Prof. dr. B.A. Schmand en dr. J.F.M. de Jonghe
Een neuropsychologisch onderzoek (NPO) kan worden aangevraagd wanneer een oordeel moet worden gevormd over letselschade, invaliditeit, toerekeningsvatbaarheid of wilsbekwaamheid van een persoon die neuropsychologische functiestoornissen heeft of zou kunnen hebben. De neuropsycholoog bestudeert dan eerst het dossier en gaat vervolgens met de persoon zelf aan de slag. Hij neemt een anamnese en zo nodig een heteroanamnese af, legt de persoon een aantal cognitieve tests en klachtenvragenlijsten voor en eventueel ook persoonlijkheidstests. Hierbij is het van belang dat de onderzochte persoon zijn klachten en problemen waarheidsgetrouw weergeeft en dat hij zich in redelijke mate inspant bij het maken van de cognitieve tests. Bij veel expertiseonderzoeken spreekt dit niet vanzelf. De belangen die op het spel staan, kunnen de onderzochte persoon in de verleiding brengen zijn klachten te overdrijven en de tests minder goed te maken dat waartoe hij in staat is. Dit is ‘aggraveren’ respectievelijk ‘onderpresteren’. Uiteraard is het ook mogelijk dat de klachten en problemen helemaal niet bestaan, maar dat ze worden gesimuleerd.

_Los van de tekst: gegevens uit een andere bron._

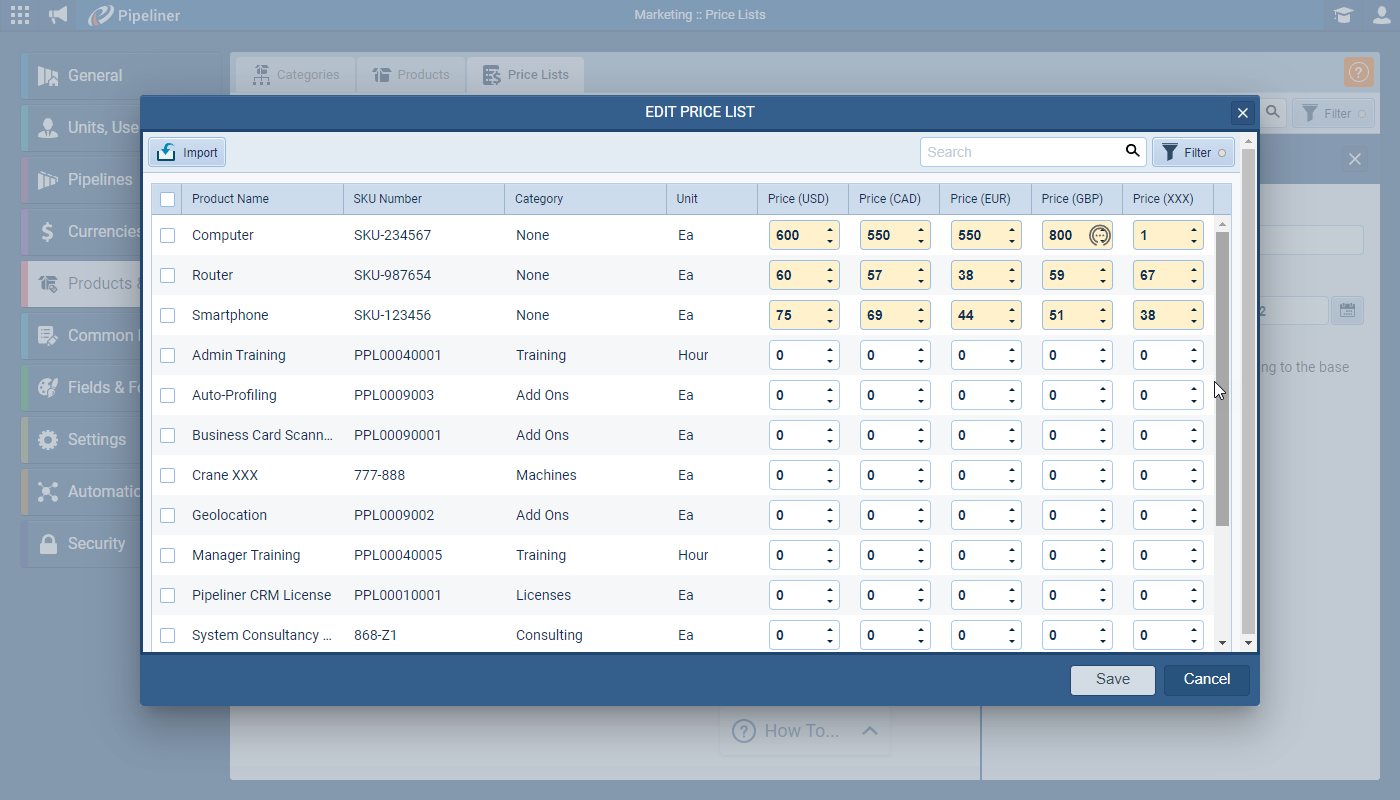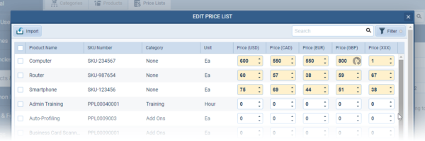 It is now possible to update an existing Price List with new prices for some, or all, Products. Open your Price List and click on “Import”, choose your Settings and then map your fields matching to existing products on SKU or name. Only the Products included in your Price List update will have their pricing changed ⤵
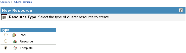 If desired, in , browse to the Cluster object and select the existing resource template in the Cluster container that you want to personalize for the new template.
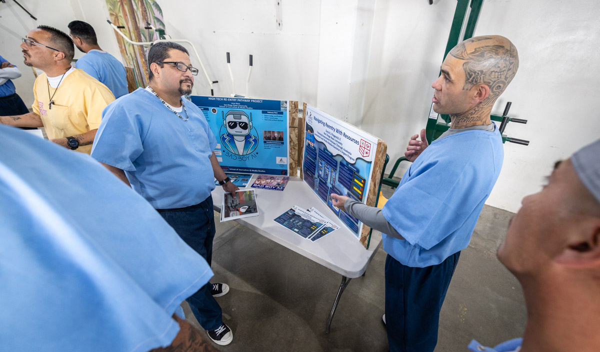 These images are of Open House events on two yards, showcasing the VISTA (Valuing Incarcerated Scholars Through Academia) program run by San Diego State University at Centinela State Prison (CEN); this is a two-year Bachelor of Arts completion degree. Current VISTA students created posters featuring their research studies, and are showing them to men who are interested in joining this program. The existing students also joined a panel discussion, during which they fielded questions about their experiences in the program.
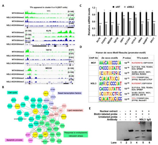 2.3. YY1 May Be a Potential Target Gene of the NSL HAT Complex
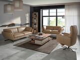 Вращающееся кресло с двумя независимыми электрическими механизмами релаксации. Обивка из бычьей кожи песочного цвета. Внутренняя структура из древесины сосны и прочное стальное основание, окрашенное черной эпоксидной смолой. Порт USB. Кожа - Arena M5668.
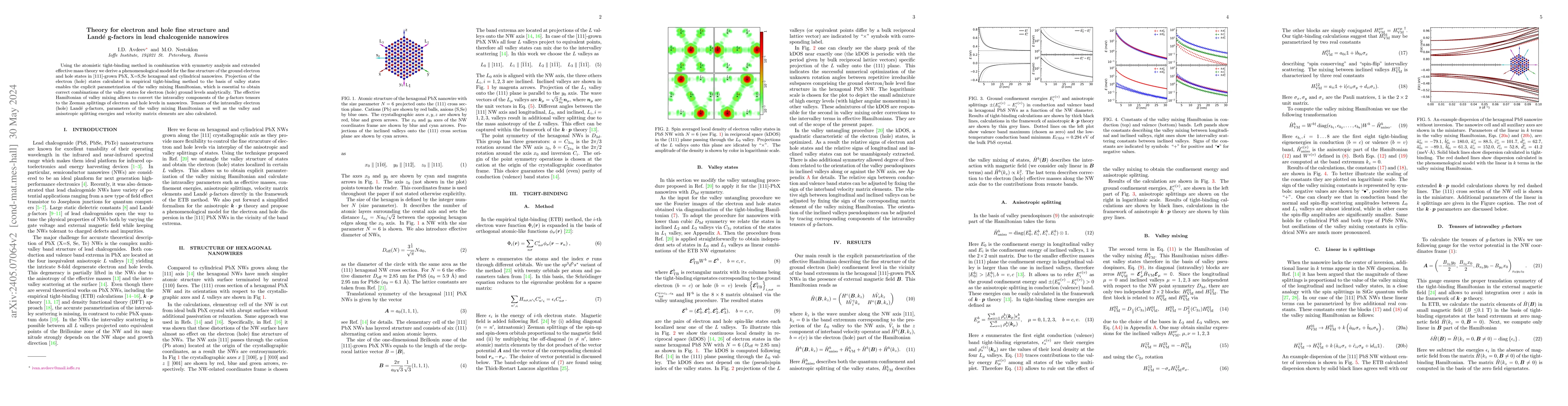 Using the atomistic tight-binding method in combination with symmetry analysis and extended effective mass theory we derive a phenomenological model for the fine structure of the ground electron and hole states in $[111]$-grown PbX, X=S,Se hexagonal and cylindrical nanowires. Projection of the tight-binding states to the basis of valley states enables the explicit parametrization of the valley mixing Hamiltonian, which is essential to obtain correct combinations of the valley states for electron (hole) ground levels analytically. The effective Hamiltonian of valley mixing allows to convert the intravalley components of the $g$-factors tensors to the Zeeman splittings of electron and hole levels in nanowires.Tensors of the intravalley electron (hole) Land\'e $g$-factors, parameters of the valley mixing Hamiltonian as well as the valley and anisotropic splitting energies and velocity matrix elements are also calculated.

In deze bijdrage worden enkele meer technische aspecten van het vaststellen van symptoomvaliditeit behandeld, met als doel de juridische en medische ‘eindgebruikers’ van neuropsychologische expertiseonderzoeken een beter inzicht te geven in de gehanteerde methoden. Achtereenvolgens bespreken de auteurs de belangrijkste methoden waarmee symptoomvaliditeit wordt onderzocht, de manier waarop specifieke detectiemethoden worden geconstrueerd, de sensitiviteit en specificiteit ervan, en de manier waarop ze worden toegepast in het NPO. Ze staan ook stil bij de vraag of kan worden aangetoond dat de onderzochte persoon moedwillig slecht presteert. Ten slotte noemen zij een aantal kwaliteitskenmerken van het NPO waar de eindgebruiker op moet letten.

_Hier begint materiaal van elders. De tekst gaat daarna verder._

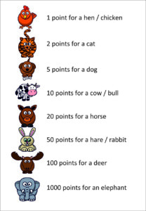 Przed podróżą wydrukujmy dziecku kartkę z cennikiem zwierząt. W czasie jazdy samochodem czy pociągiem wypatrujemy zwierząt za oknem i za każdego zauważonego zwierzaka dostajemy odpowiednią ilość punktów. Można ustalić, że gramy do 100, 1000, do czasu aż dojedziemy na miejsce… Angielski i matematyka w jednym, w jakże wakacyjnej formie!
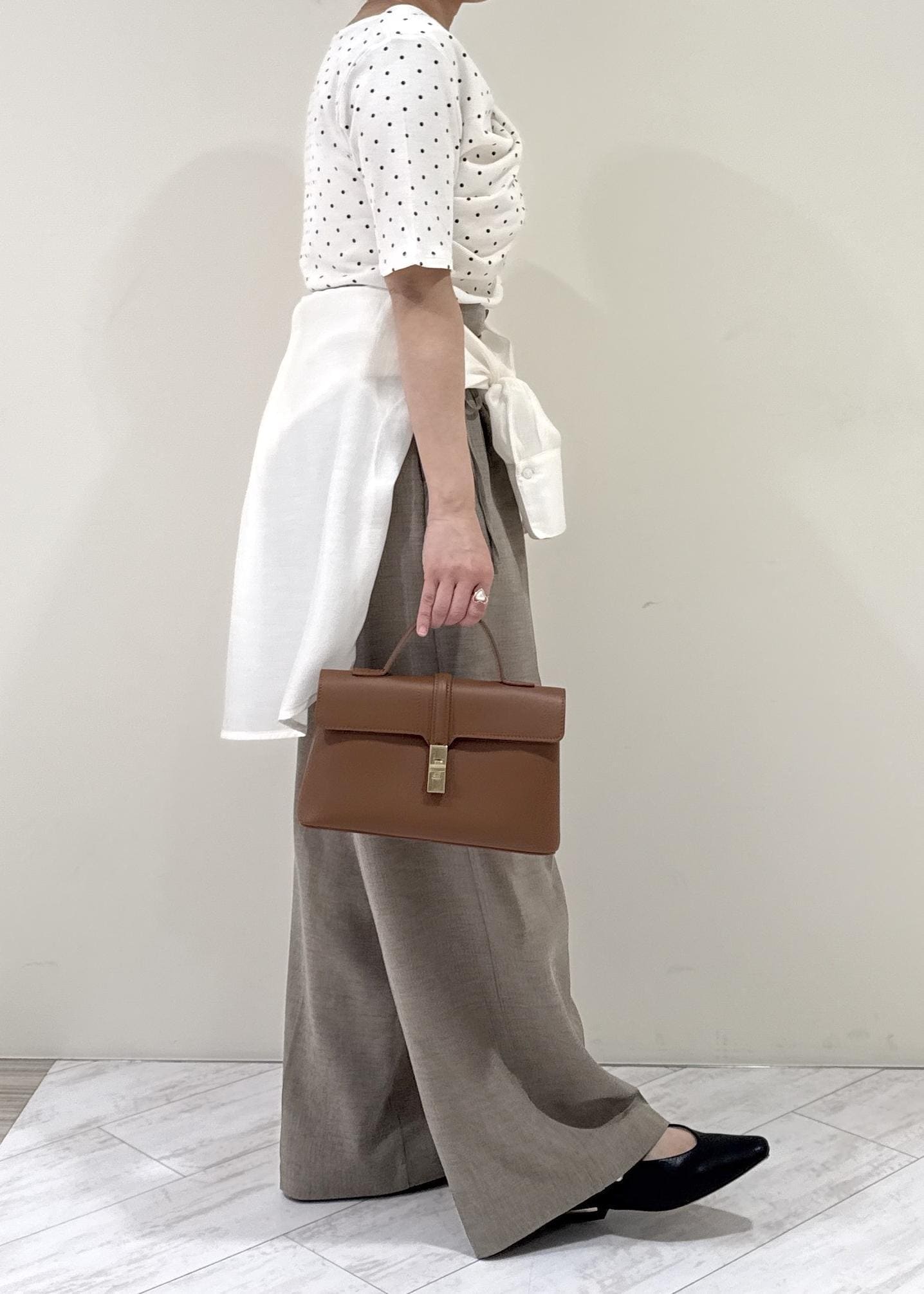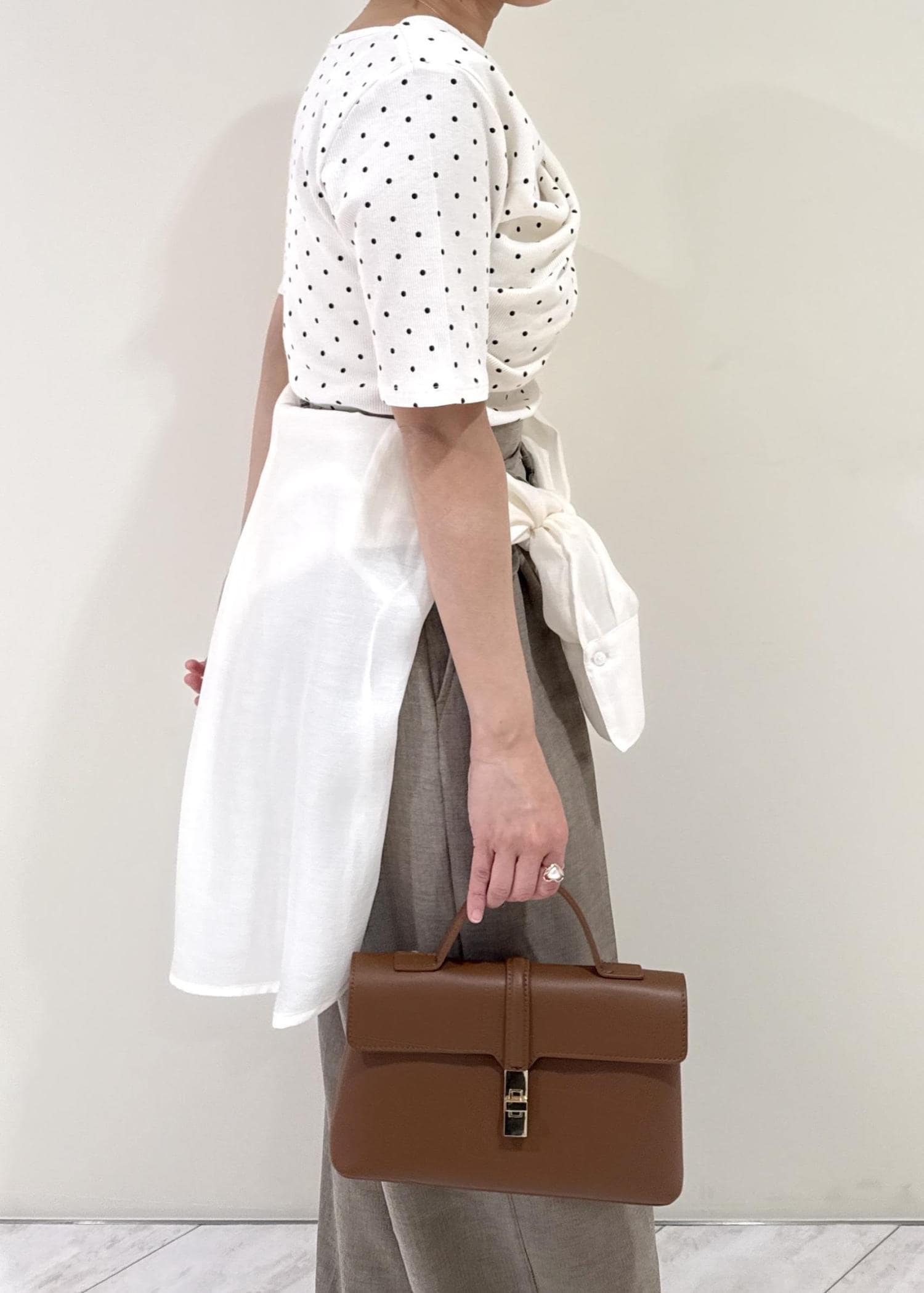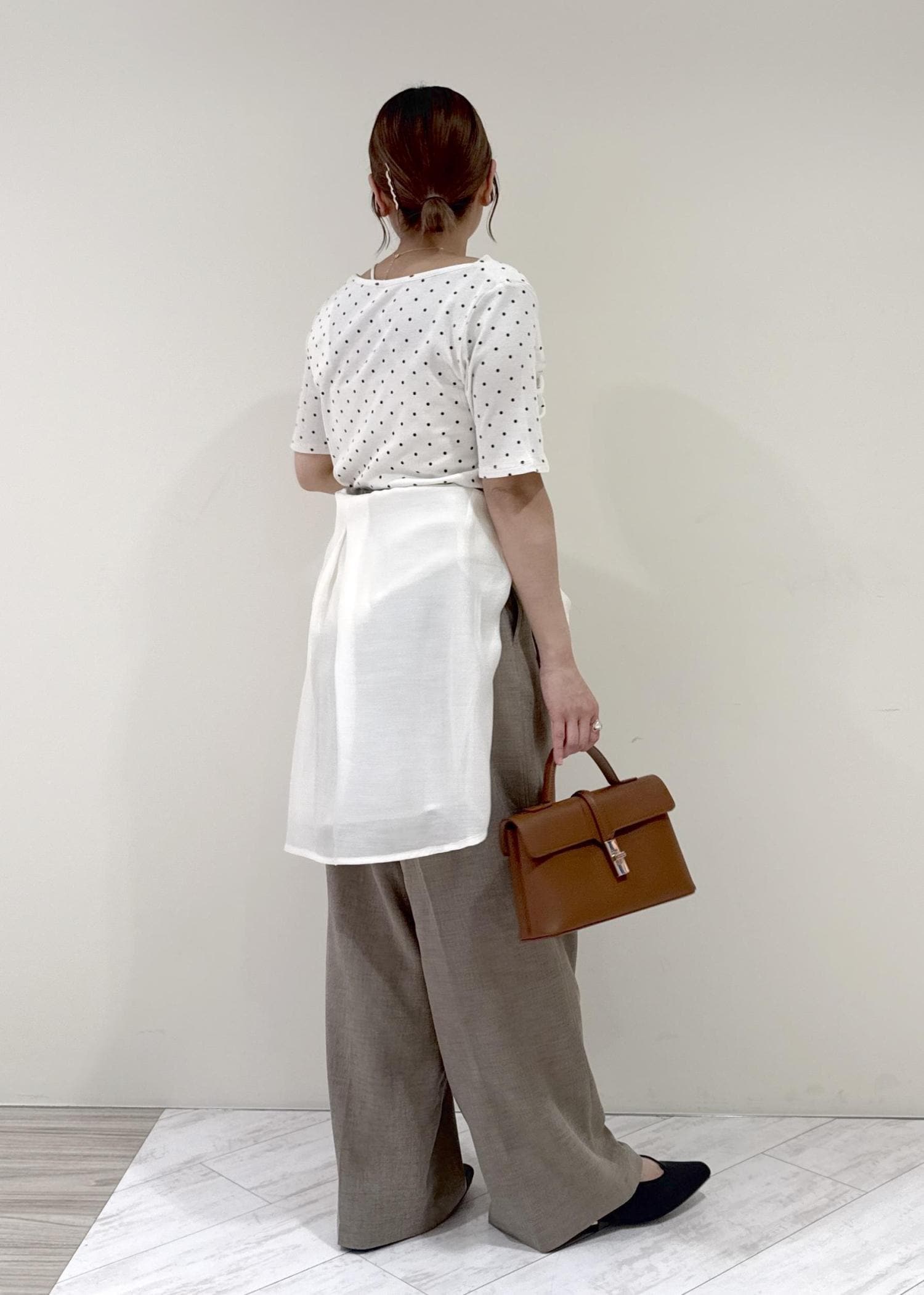 身長152cmでSサイズを着用してますが、厚底やヒールがあると安心する丈感なので、ジャストサイズがお好みの方はSSサイズがおすすめです。 -

Er zijn grofweg twee categorieën klachten en symptomen waar het NPO zich op richt: 1. cognitieve klachten of cognitieve functiestoornissen en 2. emotionele of gedragsmatige klachten en stoornissen. Bij beide categorieën is symptoomvaliditeit van belang. Voor de eerste categorie kan de symptoomvaliditeit worden gecontroleerd met cognitieve tests, waarvan leken denken dat ze niet goed gemaakt kunnen worden door patiënten met hersenletsel of hersenziekten, terwijl de tests in feite betrekkelijk gemakkelijk zijn voor die patiënten. Dergelijke tests worden tegenwoordig ‘prestatievaliditeitstests’ (PVT’s) genoemd. Een lage score op een PVT wijst op onderpresteren, dat wil zeggen presteren onder het niveau waartoe men feitelijk in staat is.

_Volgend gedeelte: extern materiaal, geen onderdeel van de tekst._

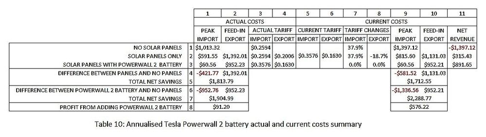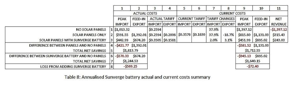 The loss shown in Row 8 for Columns 1 and 2, as compared to Columns 9 and 10, is a result of much lower import tariffs and much higher export tariffs for the period when we had panels only, compared to the period when we had the Sunverge battery as well, as clearly detailed in Tables 6 and 7.
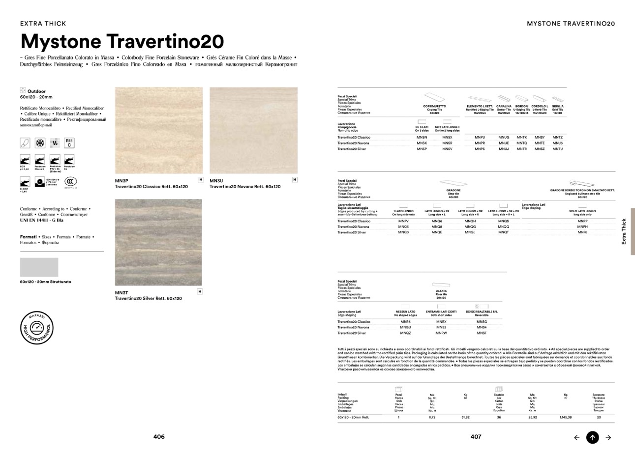Tutti i pezzi speciali sono su richiesta e sono coordinabili ai fondi rettificati. Gli imballi vengono calcolati sulla base del quantitativo ordinato. • All special pieces are supplied to order
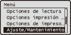 Todas las opciones sobre el ajuste y el mantenimiento se muestran con descripciones breves. Las opciones predeterminadas aparecen marcadas con una cruz (
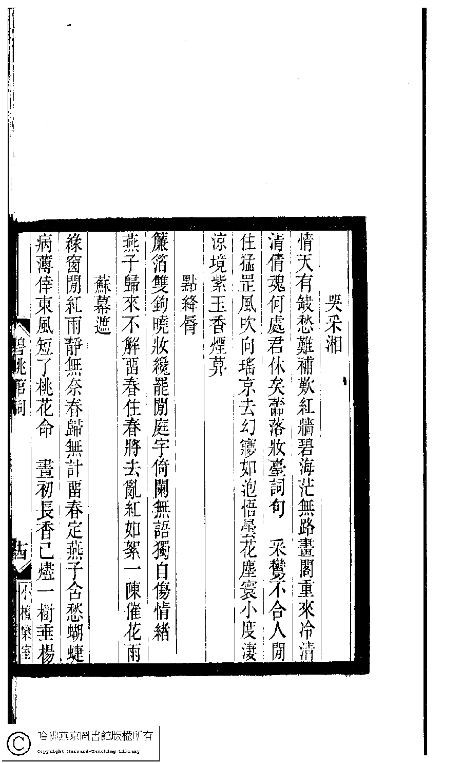 | 月上海棠 : 哭采湘 Yue shang hai tang : Ku Caixiang 詞 ci 趙我佩﹐字君蘭 Zhao Wopei, zi: Junlan 小檀欒室彙刻閨秀詞﹕十集一百種一百卷(清徐乃昌輯) 碧桃館詞﹕一卷 Xiao tan luan shi hui ke gui xiu ci: 10 ji 100 zhong 100 juan (edited by Xu Naichang, Qing dynasty) Bi tao guan ci: 1 juan, pp. 碧桃館詞.13b,碧桃館詞.14a. |
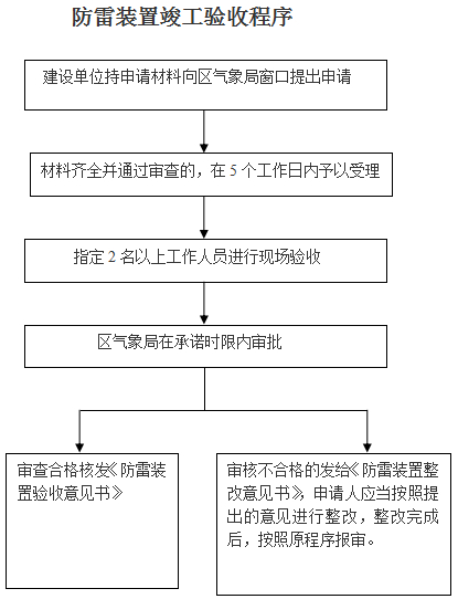 建设单位持申请材料向市气象局窗口提出申请——材料齐全并通过审查的,在5个工作日内予以受理——市气象局在承诺时限内委托防雷检测服务机构出具《防雷装置施工质量监督与验收综合检验报告》并审批——审查合格核发《防雷装置验收意见书》。
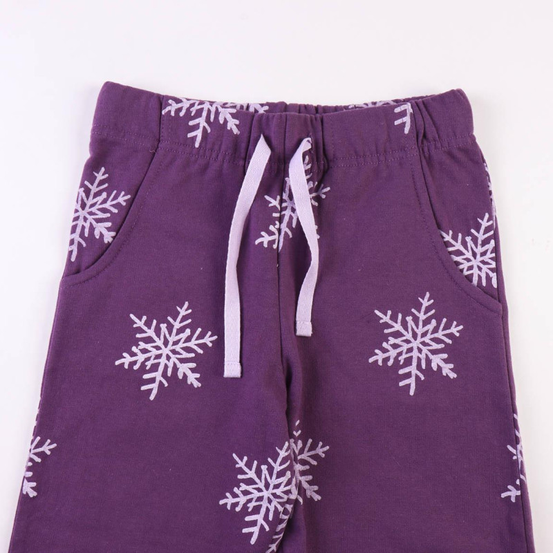 Le pantalon est violet avec une ceinture réglable et des flocons de neige amusants.

De term ‘symptoomvaliditeitstest’ (SVT) blijft gereserveerd voor de tweede categorie en heeft betrekking op vragenlijsten die naar emotionele en gedragsmatige klachten vragen. In die lijsten staan onwaarschijnlijke klachten en symptomen die leken niet als onwaarschijnlijk herkennen. Wanneer veel van dergelijke onwaarschijnlijke klachten worden gemeld (hoge SVT-score) wijst dit op aggraveren, het overdrijven van klachten. Behalve met vragenlijsten kan de symptoomvaliditeit ook worden gecontroleerd door middel van een gestandaardiseerd interview. ‘Gestandaardiseerd’ wil zeggen dat altijd bepaalde vragen worden gesteld op een standaardmanier, en dat de antwoorden op een standaardmanier worden verwerkt tot kwantitatieve scores.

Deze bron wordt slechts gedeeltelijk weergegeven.